• Work request
Before you write out the listing, remove the pictures; everything else stays exactly as it is.

• Information provided
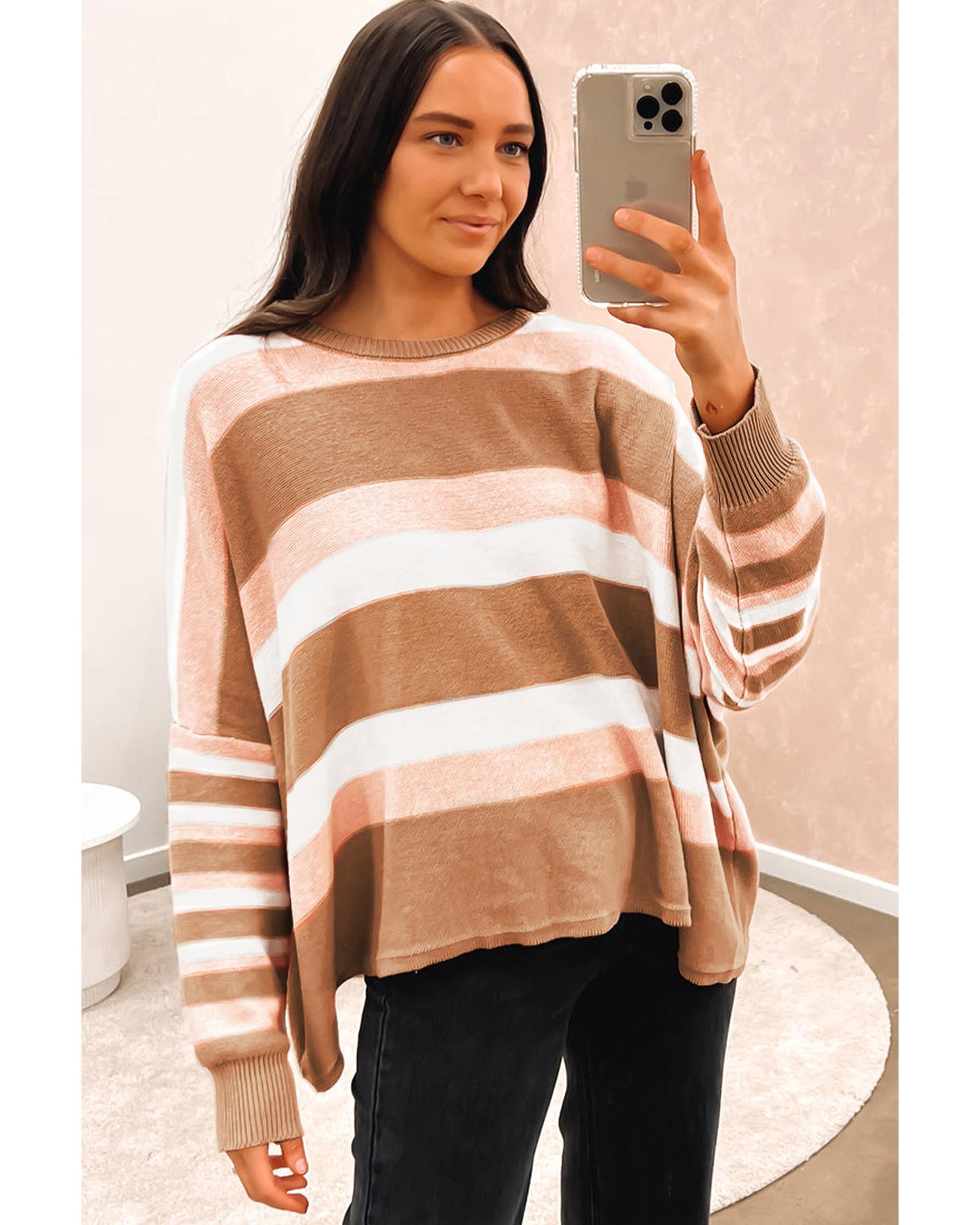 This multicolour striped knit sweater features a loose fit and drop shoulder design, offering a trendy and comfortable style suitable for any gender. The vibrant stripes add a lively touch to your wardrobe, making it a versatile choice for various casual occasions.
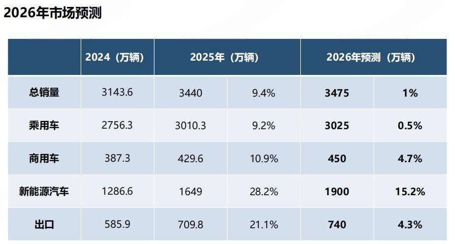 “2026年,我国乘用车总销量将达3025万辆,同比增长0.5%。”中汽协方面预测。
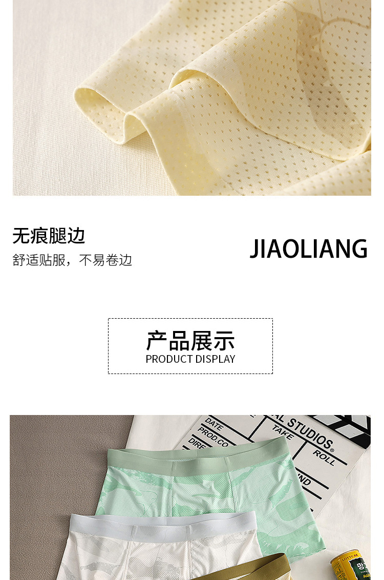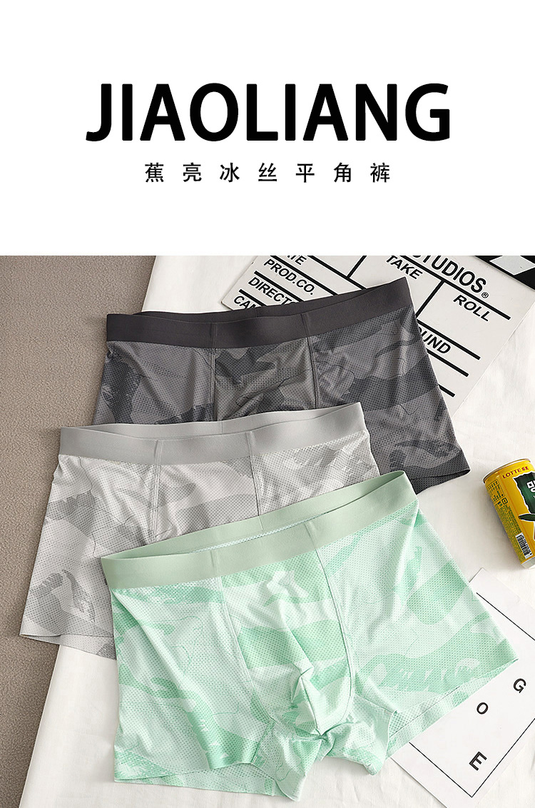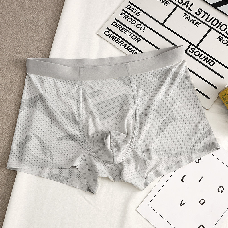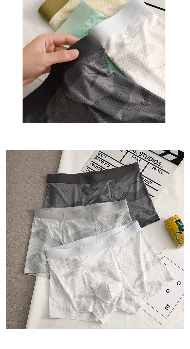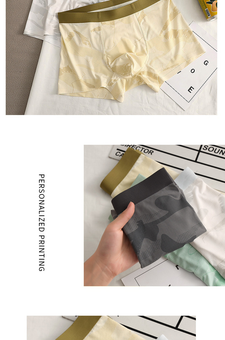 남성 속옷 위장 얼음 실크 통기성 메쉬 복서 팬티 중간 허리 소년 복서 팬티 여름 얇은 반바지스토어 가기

• Answer area
 This multicolour striped knit sweater features a loose fit and drop shoulder design, offering a trendy and comfortable style suitable for any gender. The vibrant stripes add a lively touch to your wardrobe, making it a versatile choice for various casual occasions.
 “2026年,我国乘用车总销量将达3025万辆,同比增长0.5%。”中汽协方面预测。
 남성 속옷 위장 얼음 실크 통기성 메쉬 복서 팬티 중간 허리 소년 복서 팬티 여름 얇은 반바지스토어 가기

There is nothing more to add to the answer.